■ What is expected ■
Where a picture appears, leave it out, and print the rest of the records as they are.

■ Exercise material ■
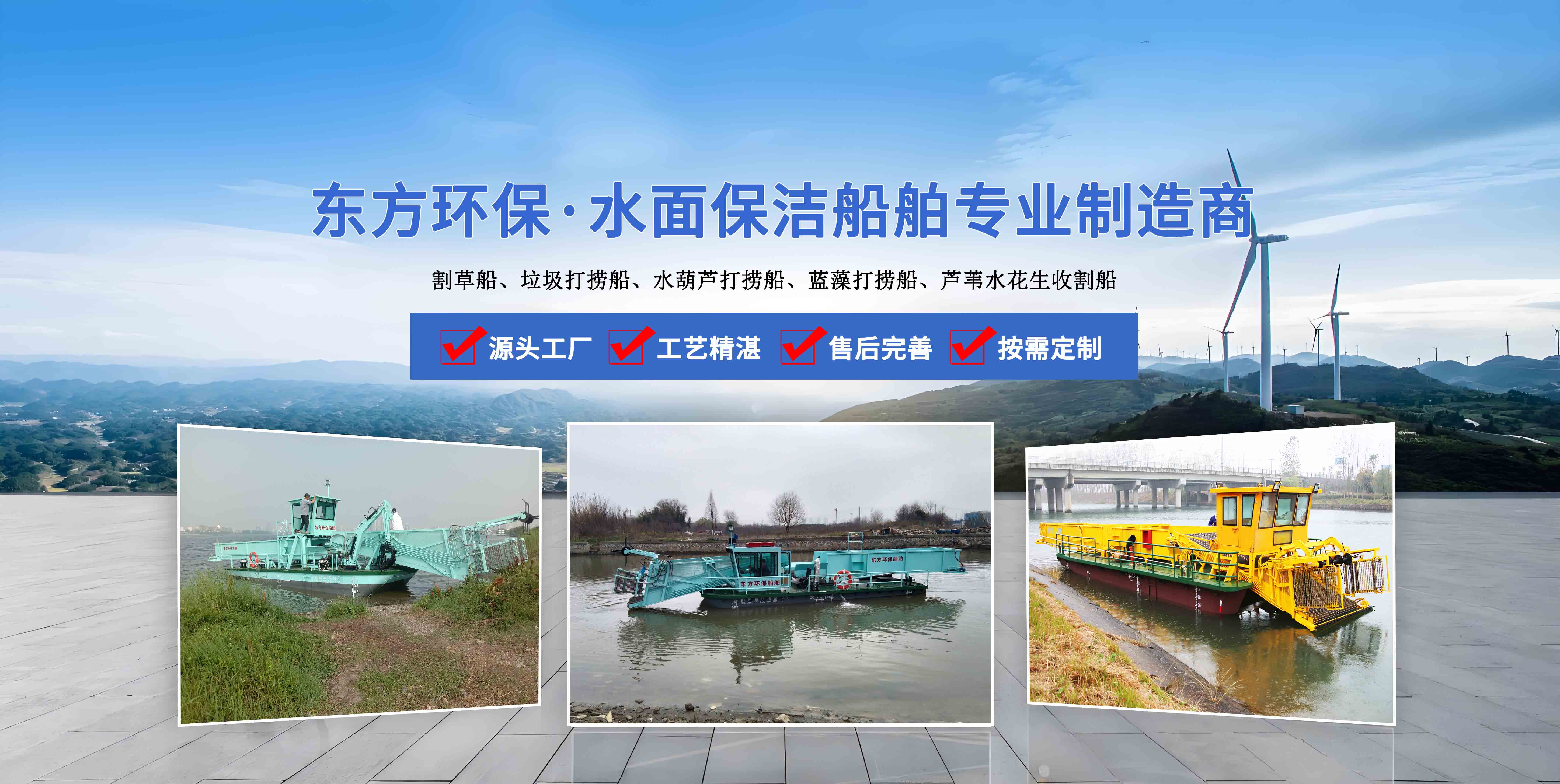 青州市東方環(huán)保機械制造有限公司位于山東省青州市,地理位置得天獨厚,是水面保潔船、水草收割船、、清漂船、滸苔打撈船、藍藻打撈船等水面船體的專業(yè)制造銷售廠家, 公司成立于2006年,公司先后與山東省黃河造船廠、中船重工702研究所、青島海洋大學、渤海船舶職業(yè)學院等機構(gòu)建立了長期合作關(guān)系.。
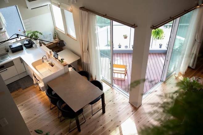 2층에는 전형적인 LDK 구성 대신, 거실과 식당, 주방, 테라스를 아우르는 독특한 LDKT 구조로 설계되었습니다.
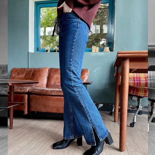 LULUS【A04200260】C側開叉牛仔長褲S-L藍1231
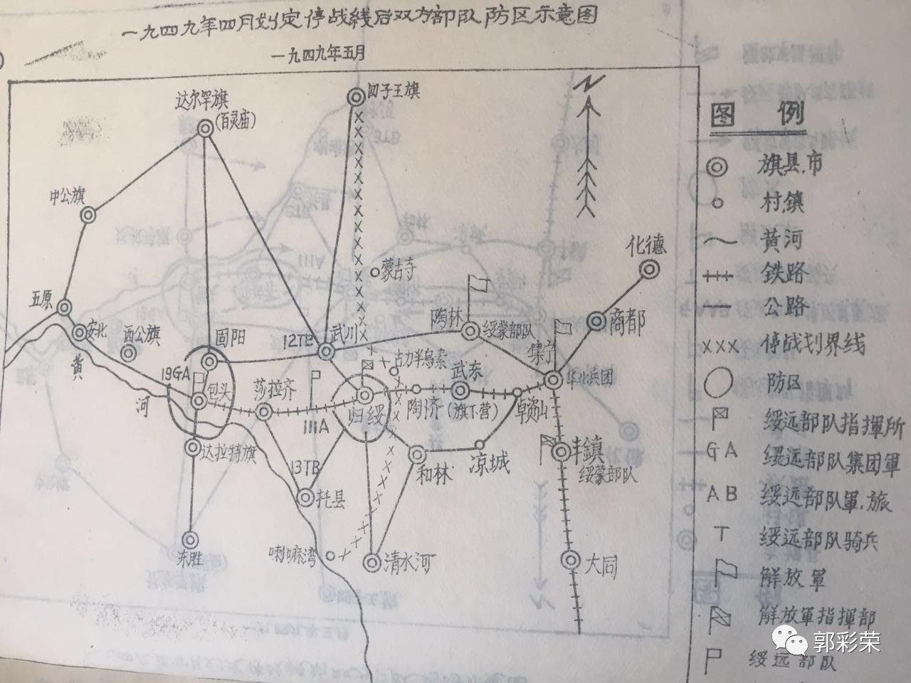 從民國三十八年正月初一到民國三十八年九月十九日,在綏遠大地上就出現(xiàn)了一塊土地兩種旗幟的景觀:白塔車站這邊飄揚的是青天白日旗,旗下營那邊是獵獵紅旗。在兩面旗幟中間,是三十余里的非軍事緩沖區(qū)。
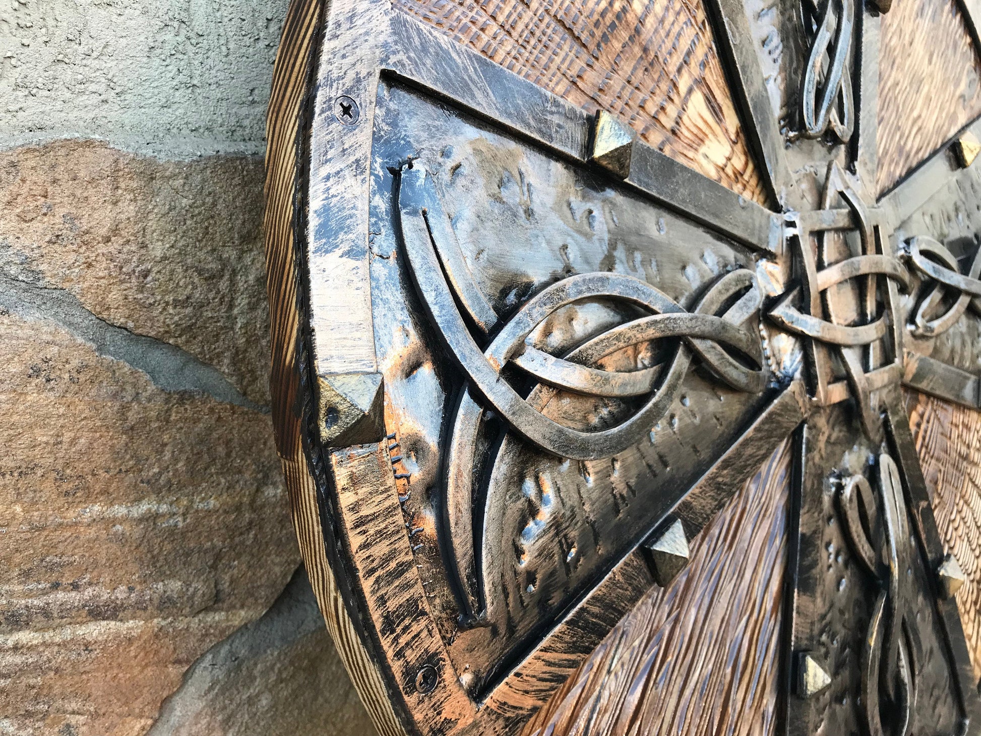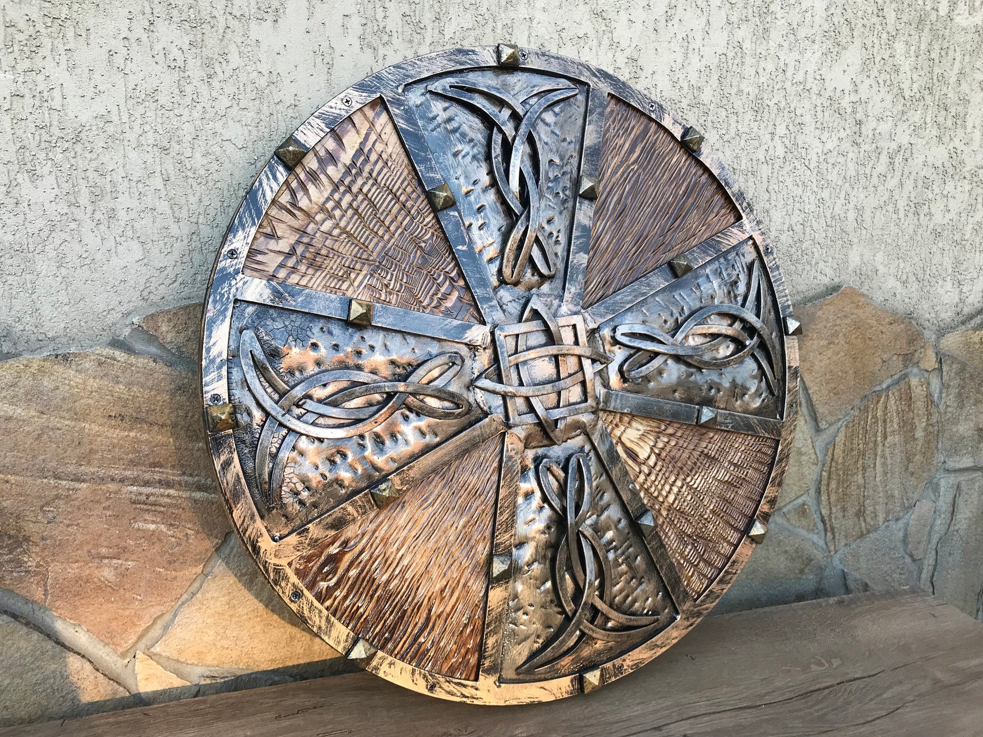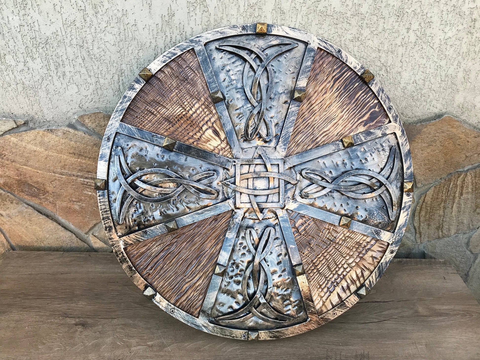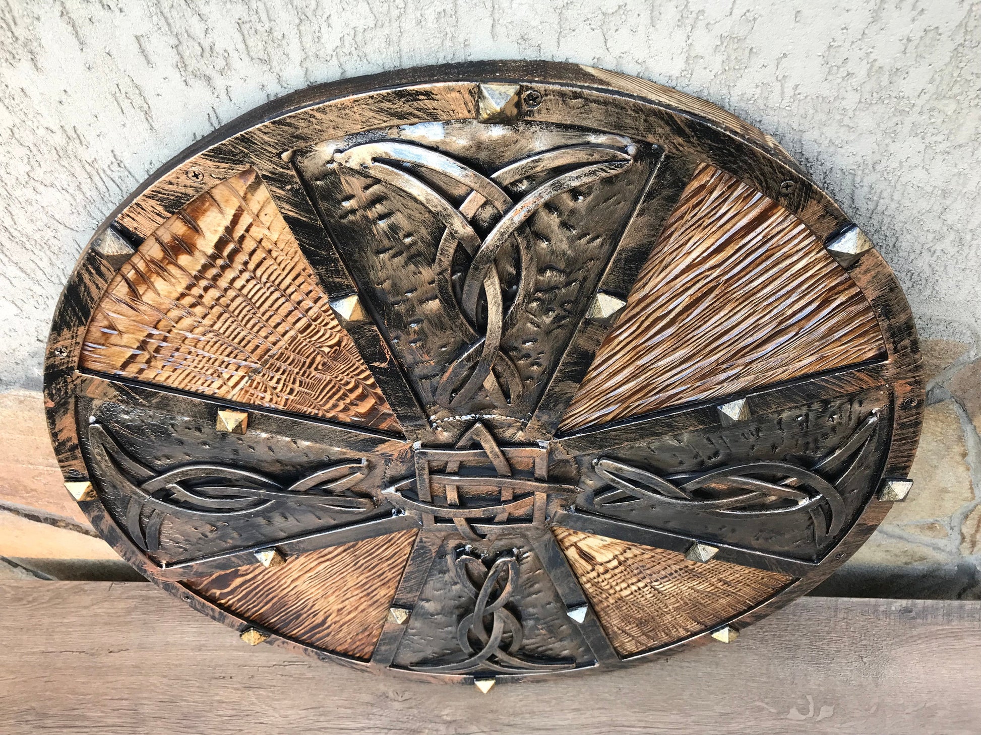 Looking for an unusual hand crafted shield? Here it is! A shield with hand forged elements (Celtic knots).

■ Result of this exercise ■
 青州市東方環(huán)保機械制造有限公司位于山東省青州市,地理位置得天獨厚,是水面保潔船、水草收割船、、清漂船、滸苔打撈船、藍藻打撈船等水面船體的專業(yè)制造銷售廠家, 公司成立于2006年,公司先后與山東省黃河造船廠、中船重工702研究所、青島海洋大學、渤海船舶職業(yè)學院等機構(gòu)建立了長期合作關(guān)系.。
 2층에는 전형적인 LDK 구성 대신, 거실과 식당, 주방, 테라스를 아우르는 독특한 LDKT 구조로 설계되었습니다.
 LULUS【A04200260】C側開叉牛仔長褲S-L藍1231
 從民國三十八年正月初一到民國三十八年九月十九日,在綏遠大地上就出現(xiàn)了一塊土地兩種旗幟的景觀:白塔車站這邊飄揚的是青天白日旗,旗下營那邊是獵獵紅旗。在兩面旗幟中間,是三十余里的非軍事緩沖區(qū)。
 Looking for an unusual hand crafted shield? Here it is! A shield with hand forged elements (Celtic knots).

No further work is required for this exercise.